SAN FRANCISCO (Reuters) - One of the two victims of a fatal crash involving a Tesla (NASDAQ:TSLA) car in Texas had a blood-alcohol level that exceeded the legal driving limit, according to an autopsy report.
No one was found in the driver's seat in the April accident where a Model S caught fire after hitting a tree, killing the two people in the car, according to the police at the time.
William Varner, who was found in the back left passenger seat, had 0.151 g/100mL of ethanol - grain alcohol - detected in his blood after his death, according to the report by Harris County Institute of Forensic Sciences.
The legal blood alcohol level for driving in Texas is 0.08%.
The cause of Varner's death was "blunt force trauma and thermal injuries with smoke inhalation," the report said.
The police declined to comment on the report, saying the investigation is still under way.
The National Highway Traffic Safety Administration has opened 33 investigations into Tesla crashes involving 11 deaths since 2016 in which advanced driver assistance systems are suspected of being used, including the Texas crash.

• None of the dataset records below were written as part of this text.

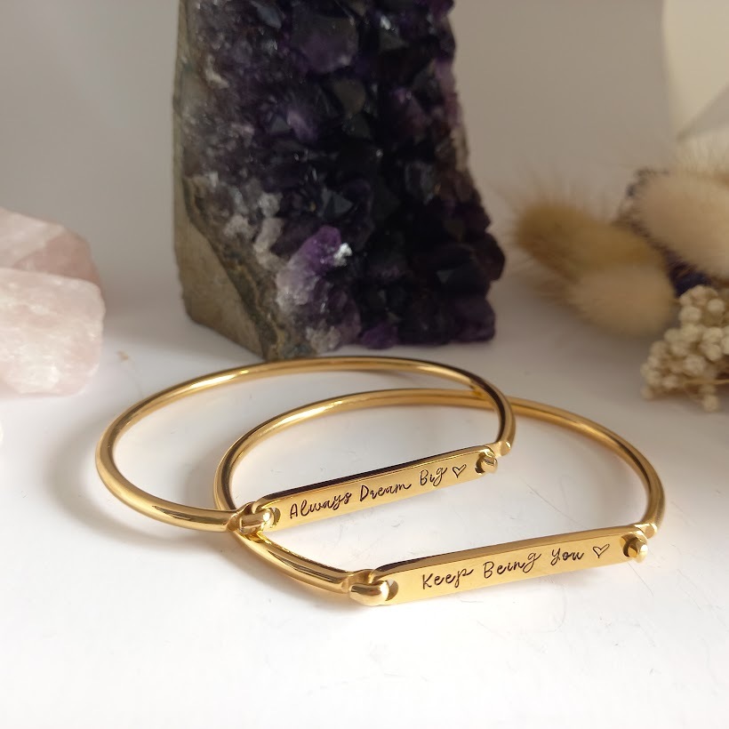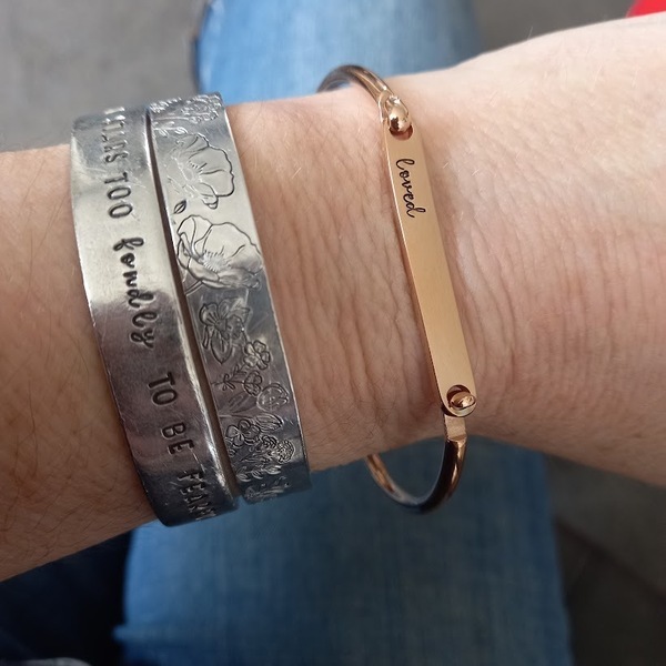 I treated myself to this beautiful bracelet and Im glad I did! Its so beautiful and Ive had so many compliments on it. Mine says 'set yourself free' as a reminder to not fret the little things! Suz has done a wonderful job, the font is perfect and the rose gold is simply stunning in real life! (Not normally a gold fan, but this is beautiful) Great quality too, thanks Suz!
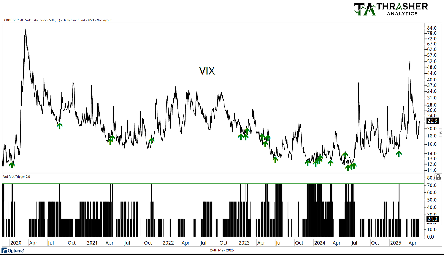 VRT remains at 24 with VIX seeing a slight uptick to 22.3 last week after been in the teens prior. VRT internals have been moving closer to a signal but aren’t at the thresholds yet.
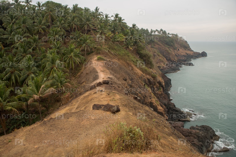 Лестница, ведущая вдоль крепостных стен к башне крепости Кабо де Рама в Гоа, Индия
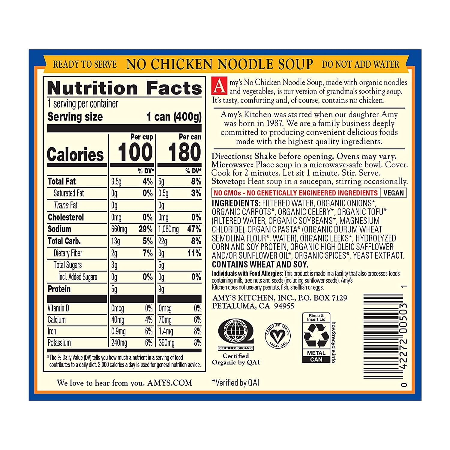 Amy's No Chicken Noodle Soup is our meatless version of the classic comfort soup. Our low fat (6g) No Chicken Noodle Soup is made from scratch with organic tofu, carrots, celery, leeks, onions, noodles and spices. Like all of our soups, we start from scratch stirring in spices and vegetables, then simmering slowly for hours until the flavor is perfect for a home-cooked taste. Amy's No Chicken Noodle Soup is made from non-GMO ingredients and is dairy free, lactose free, tree nut free, and suitable for vegan and kosher diets. Since 1987, we at Amy’s Kitchen have produced delicious, convenient foods for people who are sometimes too busy to cook. Amy’s is a family-run business, and we supervise every aspect of our business and take pride in customer satisfaction. All the fruits, vegetables and grains we use are grown without the use of insecticides, GMOs and other harmful chemicals. We prepare these ingredients with the same careful attention in our kitchen as you would in your own home for high-quality, home-style vegetarian and vegan meals. No meat, fish, shellfish, poultry, eggs or peanuts are ever used in any Amy's products. Even though you're heating up our meals in your home, we want each bite to taste like you're a guest in ours.
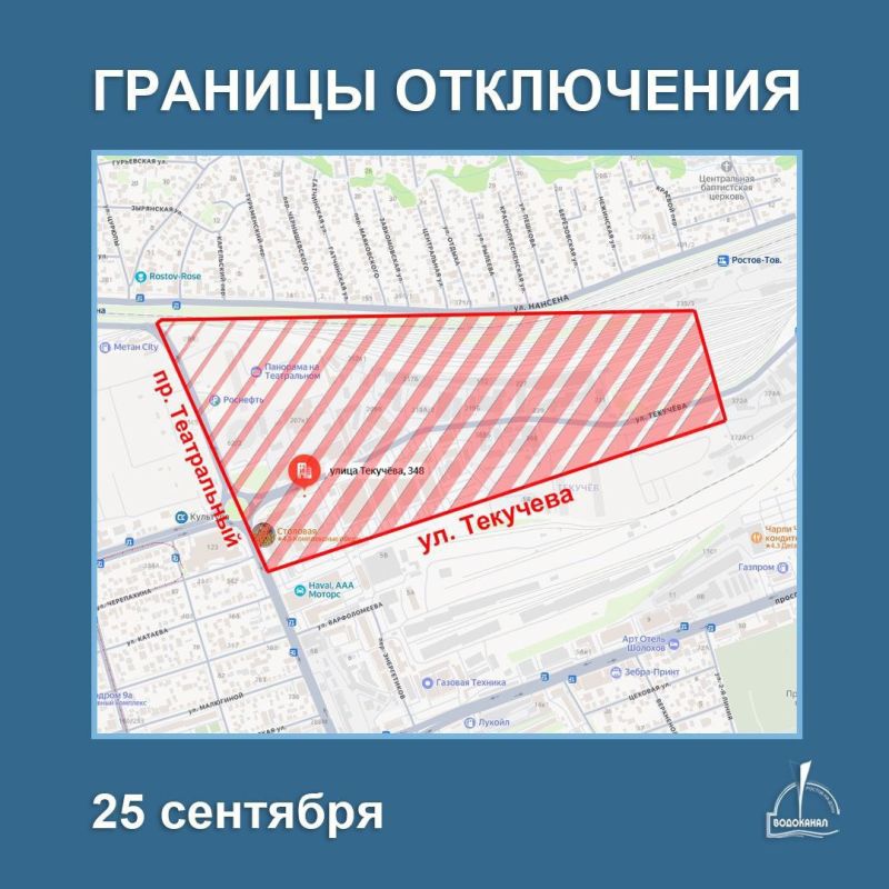 Завтра с 8:00 до 22:00 — в границах Текучёва и Театрального (первая картинка). И с 9:00 на целые сутки пропадёт вода на Западном (вторая и третья картинка).Подписывайся на Don Mash
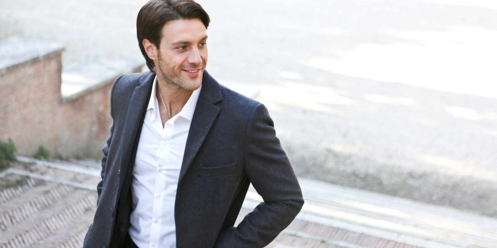 Das Sakko sollte immer geschlossen getragen werden, wenn du stehst. Das Hemd sollte hochwertig sein und gut sitzen.
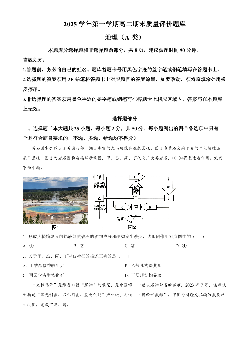 高二地理(A类)--浙江省温州市2025-2026学年高二上学期1月期末考试
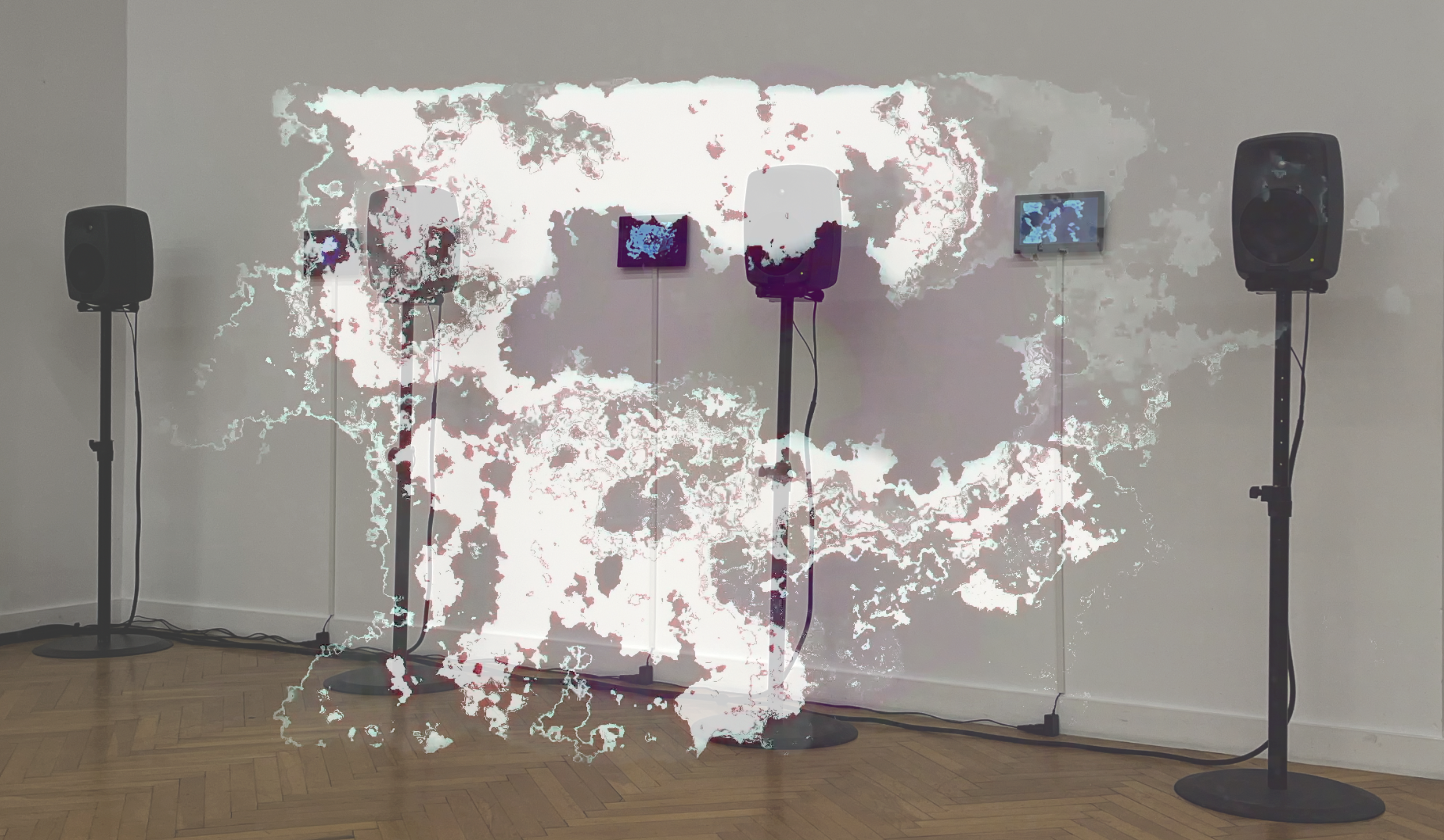 In this sound installation, the human voice merges with an artificially generated voice, interacting in a way that deconstructs linguistic phonemes.

A preliminary report by the National Transportation Safety Board, which is also probing the Texas crash, said testing showed that the vehicle's automated steering system was "not available" on the road where the accident occurred but the car's cruise-control function could still have been in operation.
Tesla markets its advanced driver assistant system as "Full Self-Driving" capability, but says that those features do not make the vehicle autonomous and require active driver supervision.